Supplied data

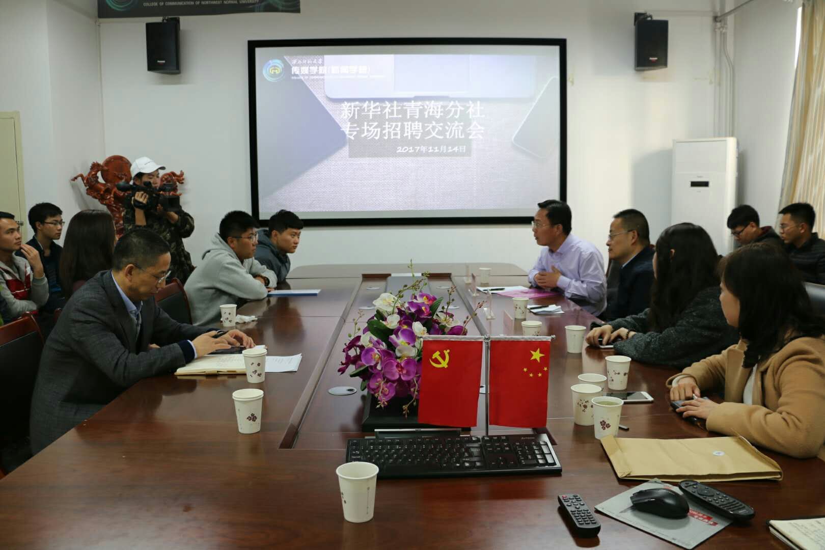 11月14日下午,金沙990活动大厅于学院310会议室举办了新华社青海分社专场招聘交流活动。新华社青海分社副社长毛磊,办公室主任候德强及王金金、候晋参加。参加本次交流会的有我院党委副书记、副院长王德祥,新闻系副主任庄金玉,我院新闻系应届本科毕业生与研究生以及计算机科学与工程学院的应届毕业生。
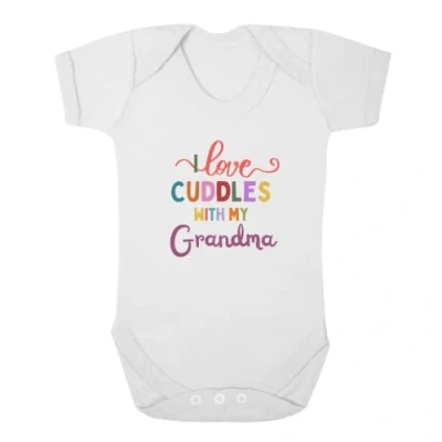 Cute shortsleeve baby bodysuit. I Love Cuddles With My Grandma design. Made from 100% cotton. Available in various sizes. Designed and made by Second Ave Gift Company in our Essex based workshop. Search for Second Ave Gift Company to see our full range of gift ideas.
---
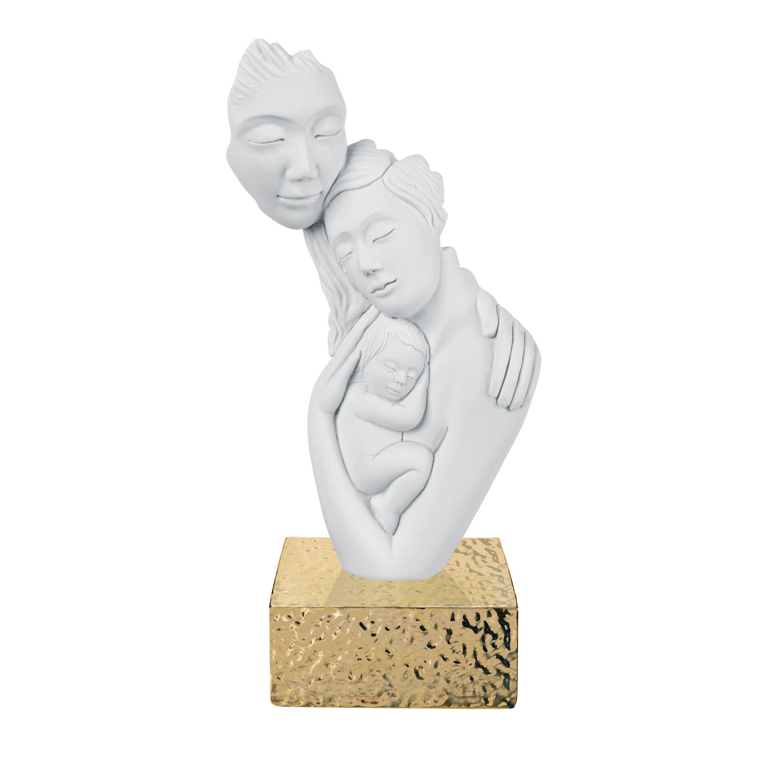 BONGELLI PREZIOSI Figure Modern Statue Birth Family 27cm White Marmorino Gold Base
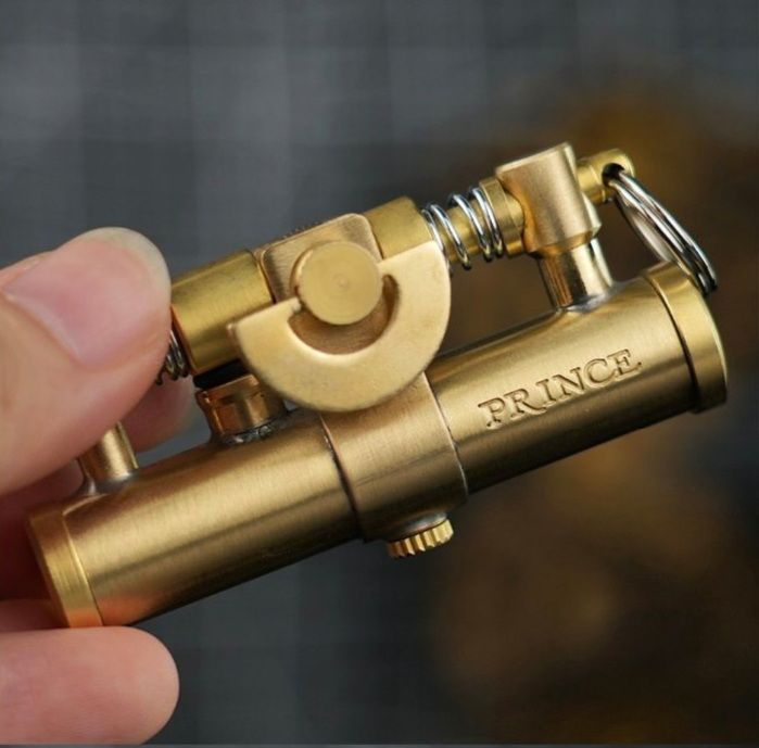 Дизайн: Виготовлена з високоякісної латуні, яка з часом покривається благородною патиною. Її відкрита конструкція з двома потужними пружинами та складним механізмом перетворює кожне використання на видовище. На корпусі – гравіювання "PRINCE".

Task requirements
Given the records above, return the lines starting at the one that holds "11月14日下午,金沙990" and ending at the one that holds "Cute shortsleeve baby", exactly, and nothing besides; leave every picture out.

Result of this task
 11月14日下午,金沙990活动大厅于学院310会议室举办了新华社青海分社专场招聘交流活动。新华社青海分社副社长毛磊,办公室主任候德强及王金金、候晋参加。参加本次交流会的有我院党委副书记、副院长王德祥,新闻系副主任庄金玉,我院新闻系应届本科毕业生与研究生以及计算机科学与工程学院的应届毕业生。
 Cute shortsleeve baby bodysuit. I Love Cuddles With My Grandma design. Made from 100% cotton. Available in various sizes. Designed and made by Second Ave Gift Company in our Essex based workshop. Search for Second Ave Gift Company to see our full range of gift ideas.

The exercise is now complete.